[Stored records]
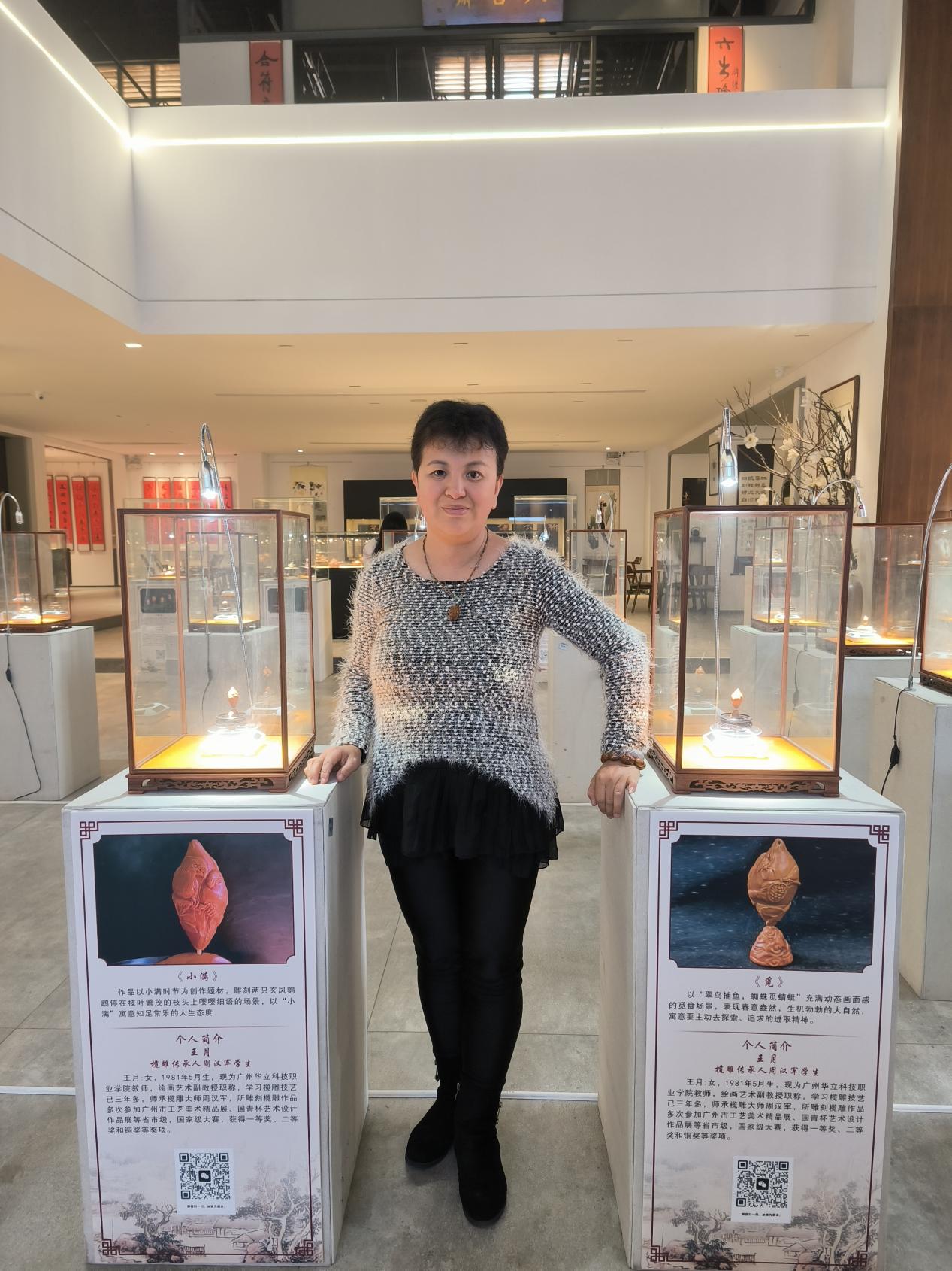 機緣巧合2022年10月隨欖雕大師周漢軍學(xué)習(xí)廣州欖雕,酷愛欖雕的她,平均每天堅持2小時雕欖雕,經(jīng)過3年半的學(xué)習(xí),已經(jīng)掌握了浮雕、圓雕、鏤空雕等技藝。《荔枝》獲得第十九屆廣州市工藝美術(shù)精品展覽工美金工獎銅獎,《和美云浮》獲得“和美云浮”橄欖核雕創(chuàng)作比賽中優(yōu)秀入圍獎,《春筍》榮獲2023年國青杯全國高校藝術(shù)設(shè)計作品展評教師組二等獎,《小滿》榮獲2025年第九屆工美菁英杯銅獎和第八屆粵港澳大灣區(qū)學(xué)校設(shè)計作品展暨第十屆廣東省高校設(shè)計作品學(xué)院獎雙年展工藝組三等獎。
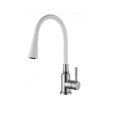 Смеситель кухня силиконовый излив двухрежимный (35) нержавеющая сталь Белый+Нерж Accoona A9890G-3
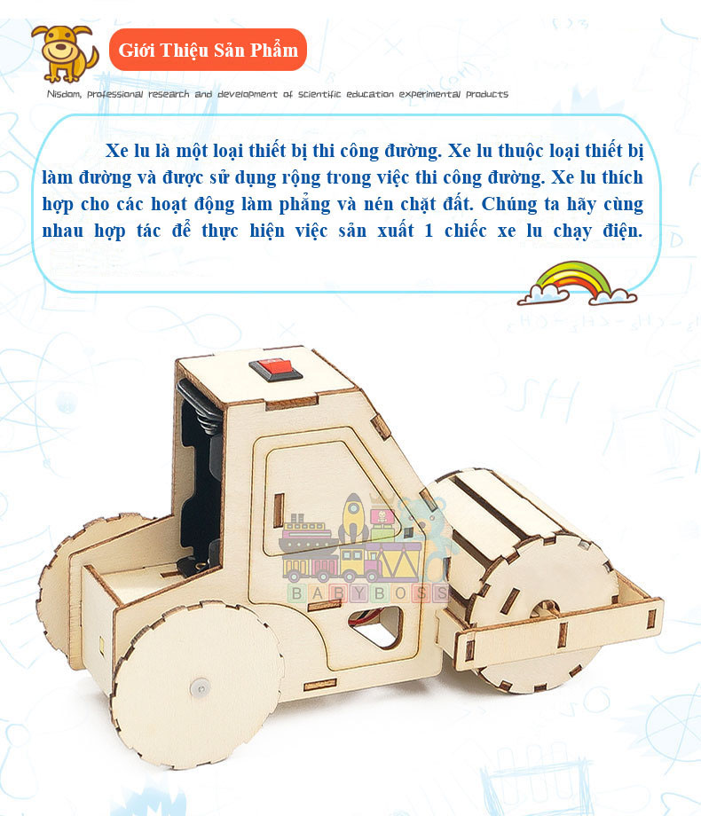 Bộ Đồ Chơi Khoa Học Tự Làm Máy Ủi, Bộ Đồ Chơi Lắp Ghép STEM Mô Hình Máy Ủi, Bộ Đồ Chơi Gỗ Cao Cấp Khoa Học Tự Làm DIY Wood Steam Chất liệu: gỗ,
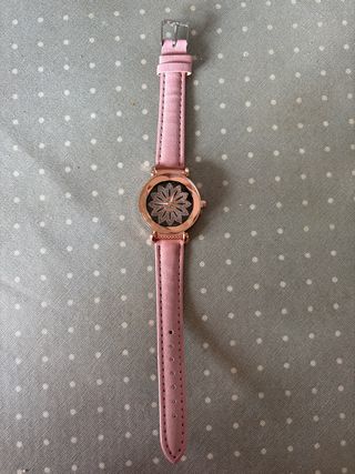 Elegante reloj de pulsera con un diseño delicado. - Correa de cuero rosa. - Esfera con detalle floral. - Bisel y manecillas en tono dorado. SE HACEN ENVÍOS O ENTREGA EN MANO EN BADALONA, SABADELL, CASTELLAR DEL VALLÉS O BIGUES
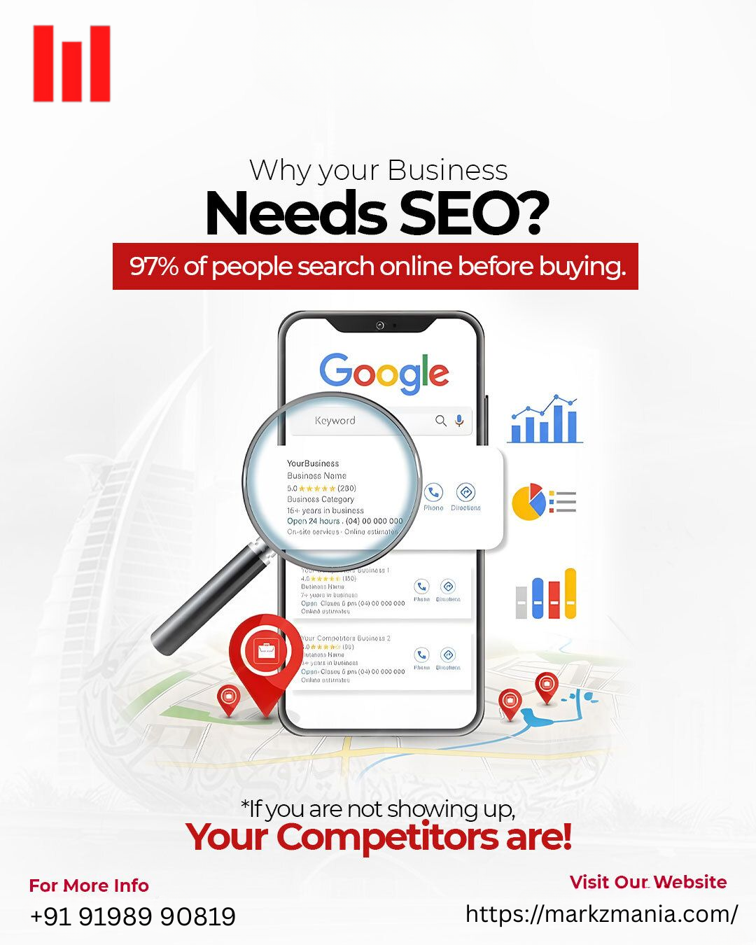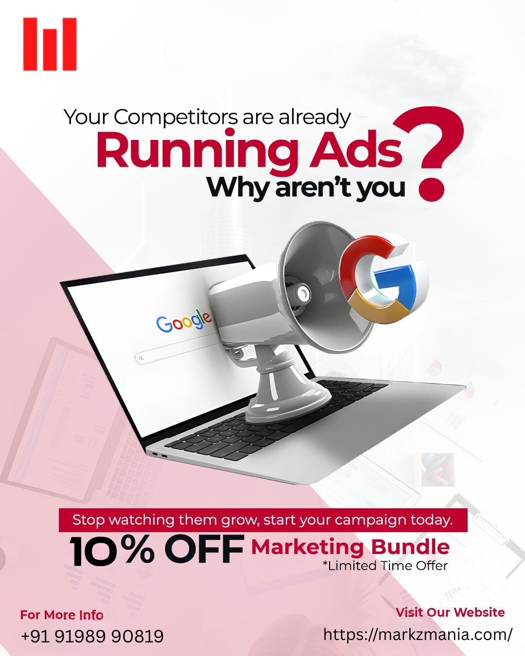This bold visual instantly creates urgency and positions Markzmania as the growth partn…
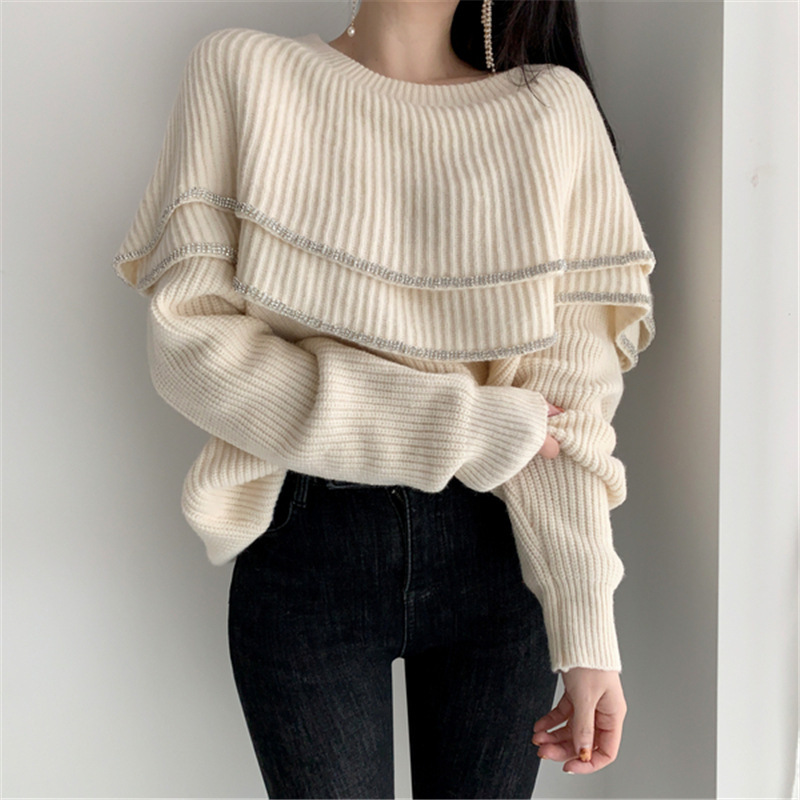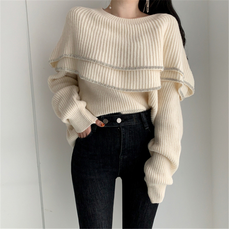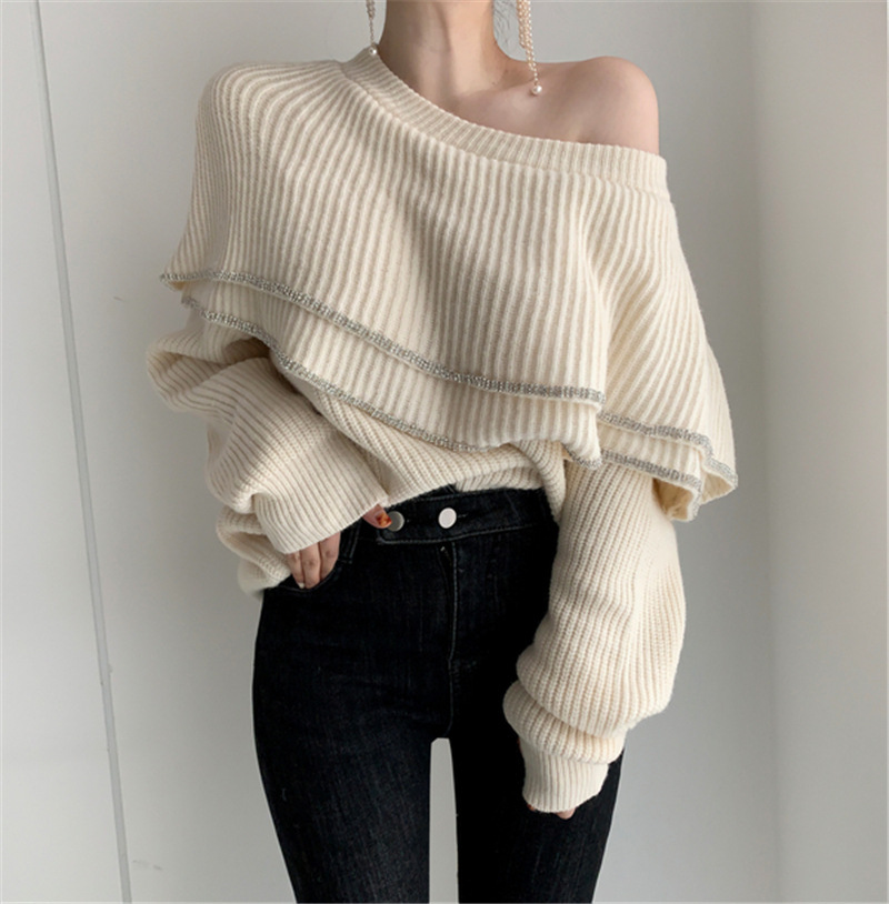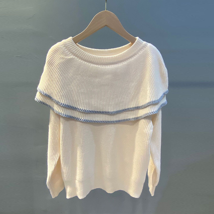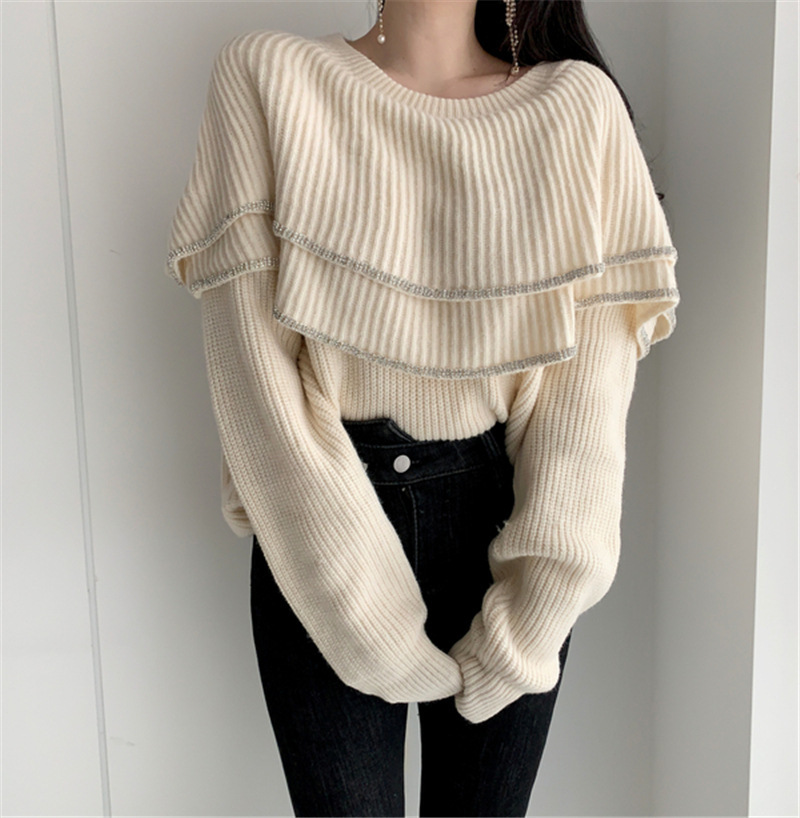 雙層大荷葉 露肩毛衣 (杏/ 黑)

### What the exercise asks
Please copy out the entries above exactly as they appear, but skip their images.

### Output for this task
 機緣巧合2022年10月隨欖雕大師周漢軍學(xué)習(xí)廣州欖雕,酷愛欖雕的她,平均每天堅持2小時雕欖雕,經(jīng)過3年半的學(xué)習(xí),已經(jīng)掌握了浮雕、圓雕、鏤空雕等技藝。《荔枝》獲得第十九屆廣州市工藝美術(shù)精品展覽工美金工獎銅獎,《和美云浮》獲得“和美云浮”橄欖核雕創(chuàng)作比賽中優(yōu)秀入圍獎,《春筍》榮獲2023年國青杯全國高校藝術(shù)設(shè)計作品展評教師組二等獎,《小滿》榮獲2025年第九屆工美菁英杯銅獎和第八屆粵港澳大灣區(qū)學(xué)校設(shè)計作品展暨第十屆廣東省高校設(shè)計作品學(xué)院獎雙年展工藝組三等獎。
 Смеситель кухня силиконовый излив двухрежимный (35) нержавеющая сталь Белый+Нерж Accoona A9890G-3
 Bộ Đồ Chơi Khoa Học Tự Làm Máy Ủi, Bộ Đồ Chơi Lắp Ghép STEM Mô Hình Máy Ủi, Bộ Đồ Chơi Gỗ Cao Cấp Khoa Học Tự Làm DIY Wood Steam Chất liệu: gỗ,
 Elegante reloj de pulsera con un diseño delicado. - Correa de cuero rosa. - Esfera con detalle floral. - Bisel y manecillas en tono dorado. SE HACEN ENVÍOS O ENTREGA EN MANO EN BADALONA, SABADELL, CASTELLAR DEL VALLÉS O BIGUES
This bold visual instantly creates urgency and positions Markzmania as the growth partn…
 雙層大荷葉 露肩毛衣 (杏/ 黑)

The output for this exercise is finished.